- _Exercise material_:
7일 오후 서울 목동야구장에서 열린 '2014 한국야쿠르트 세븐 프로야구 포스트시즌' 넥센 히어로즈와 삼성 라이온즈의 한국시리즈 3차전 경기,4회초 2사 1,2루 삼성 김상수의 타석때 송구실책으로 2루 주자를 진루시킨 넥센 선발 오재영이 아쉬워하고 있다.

---

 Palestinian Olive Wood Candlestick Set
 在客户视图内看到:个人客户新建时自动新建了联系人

- _Work instructions_: What you return must be an exact retyping of the lines above starting at the line with "Palestinian Olive Wood Candlestick Set" and ending at the line with "在客户视图内看到:个人客户新建时自动新建了联系人", and nothing besides.

- _Written response_:
 Palestinian Olive Wood Candlestick Set
 在客户视图内看到:个人客户新建时自动新建了联系人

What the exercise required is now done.